A história por trás do sucesso de Loony Johnson com o rei do funaná, Zeca Nha Reinalda, mostra que o respeito gera grandes obras.
Tudo começou com um encontro no Festival de Santa Maria. Loony, que sempre aprendeu a respeitar os mais velhos, viu ali a chance de ouro de gravar com um “homem grande” da nossa música.
O mais curioso? A música começou a ser feita por Loony… no telemóvel! Quando o Zeca ouviu, disse logo: “É sucesso“. Mas o toque final veio da mulher do Zeca.
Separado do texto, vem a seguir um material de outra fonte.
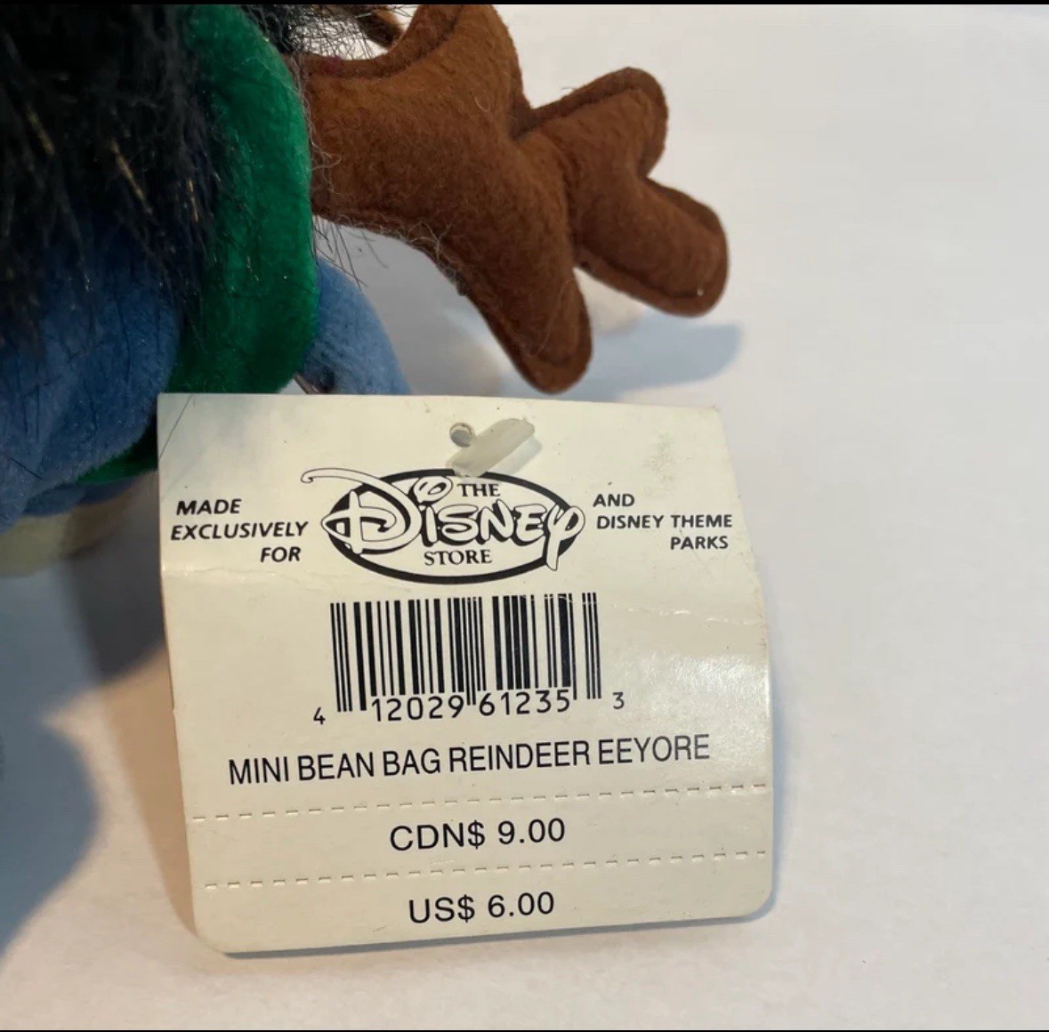 • NWT Vintage Disney Store Eeyore As A Reindeer Bean Bag Plush Christmas NEW

Ao ouvir o tema, ela disse: “Zeca, keli bu ten ki canta”.
Foi também aí que decidiram mudar o nome; o que ia ser “Homi Bedju” passou a ser o respeitoso “Homi Grandi“. Na história que a letra, Loony canta sobre o seu desejo de estar com a “filha do Zeca” mas faz questão de ir falar diretamente com o pai para pedir a sua bênção e mostrar que as suas intenções são sérias.
Captura de Tela @LoonyJohnson
O Zeca, no papel de pai protetor e “Homi Grandi“, deixa claro que não quer ver a sua filha sofrer e diz ao Loony “ pa fazi si filha xinti sabi”.
É o reviver da tradição cabo-verdiana de “pedir a mão” ou “falar com o pai”, hoje nem tanto, num beat moderno.
E o palpite foi certeiro. A música limpou os CVMA 2019, vencendo como Melhor Videoclipe, Melhor Afrobeat/afrihouse e Melhor Colaboração.
Hoje, o vídeo já conta com quase 10 milhões de visualizações no YouTube. Uma verdadeira lição de como a união entre gerações faz história.